Dress like an Ancient Historian: Tips

Ancient historians occasionally become concerned about their image. Stress levels rise every time a scholar needs to pick the perfect outfit for a job interview or the occasional lecture. Some of us are even concerned about our every day clothes. I often catch myself thinking, what do I wear today for my Staff and Student Committee meeting? O vanitas vanitatum!

When in such a dilemma, I look for advice. Or, alternatively, I follow the fashion sense of my role models. These are not Givanchy, Valentino or Armani. Do not get me wrong, I follow fashion closely and I would have loved to be able to afford some of their pieces. However, I took a vow of poverty when I entered the profession, as I suspect did thousands of other historians, classicists and archaeologists. My true role models are my senior professors. As an example I present here a picture of Mary Beard, an eminent classicist and Cambridge Don, whose blog I follow religiously.

Of course, I do not just copy others. After all, copyright is a serious offense and I intend to avoid it at all cost. Over the years I developed my own style, while I adjusted it to the demands of the British Academia. Here I have a few tips for the aspiring ancient historian:

  1. Understatement should be the order of the day. Avoid extravagant outfits, feathers, bright colours, flashy jewelry, heavy perfumes, wide brimmed hats etc.
  2. Suppress the expression of your sexuality as much as that is possible. Avoid high heeled shoes (also for medical reasons), miniskirts, ripped off jeans, low cut tops, see-through blouses.
  3. Do not wear expensive clothes. We do not have the opportunity to work in Management or Law Departments, where fashion shows take place regularly. Our colleagues are as poor or poorer than us. An expensive dress will raise eyebrows and cause either petty jealousies or create antagonism.
  4. Keep it simple. Even classicists who study sculpture of the baroque Hellenistic period should be able to appreciate the validity of this rule.
  5. Be comfortable. Bear in mind that for most of the day you will be standing or running around in errands or receiving students and colleagues in your office. You will need a pair of sensible shoes, a warm cardigan or pullover, comfortable trousers or skirt and a heavy jacket. I would suggest that you use these clothes also during the beautiful British summer!
  6. I will add here a personal note. In this gloomy climate you should avoid wearing black clothes. It attracts negativity and affects your mood. If you still like dark colours, try navy blue or khaki green.
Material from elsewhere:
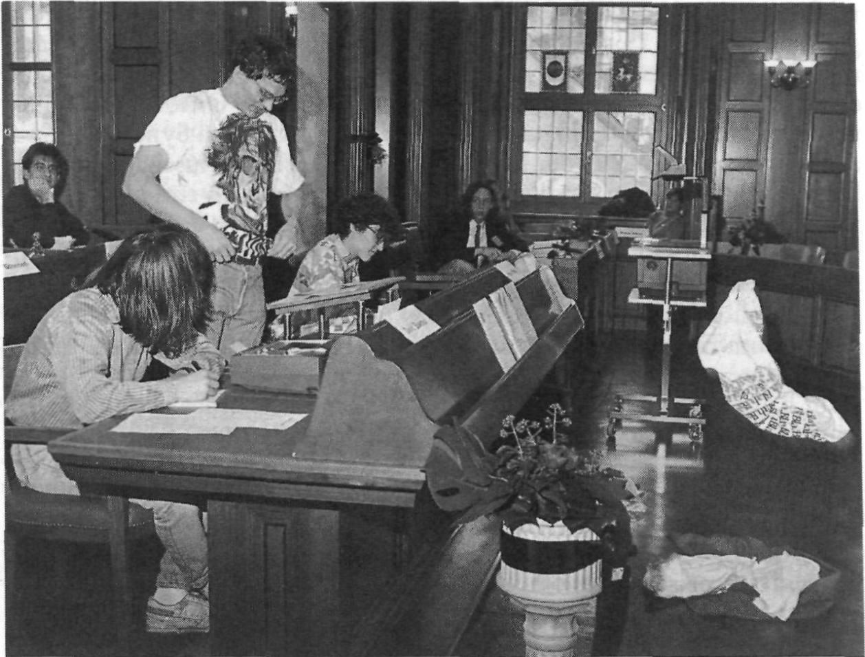
Jugendliche Kantonsparlamentarier und zukünftiger Regierungsrat. (Gantenbein)

Mit soviel inspirierenden Einleitungen musste ein Weiterführen des Jugendparlamentes schon fast nicht mehr angezweifelt werden . . . Nach einigen Debatten kamen wir auf folgende Strukturierung:

Alternatively, if you decide not to follow my advice, wear your outfit with confidence and I am certain that eventually others will follow YOU.

Economic historian and numismatic consultant


  1. More Tweed! Keeps out cold, wind, damp, thorns, knife attacks from students who’ve missed out on ‘their’ 2.1, and can be far more stylish, especially if combined with shirt/blouse in sufficiently bold colour, than the usual tramp/bag lady style of British academia. No wonder they don’t take us seriously when we still dress like refugees from the early 70s.

    • How true! Should we allow our students to give us seminars on how to dress? Maybe they can pay us back for all the hours we put in caring for them!
      I am surprised, though, that you answered this post. I thought that women academics would be mostly interesting. But, of course, Neville you do have a sense of fashion.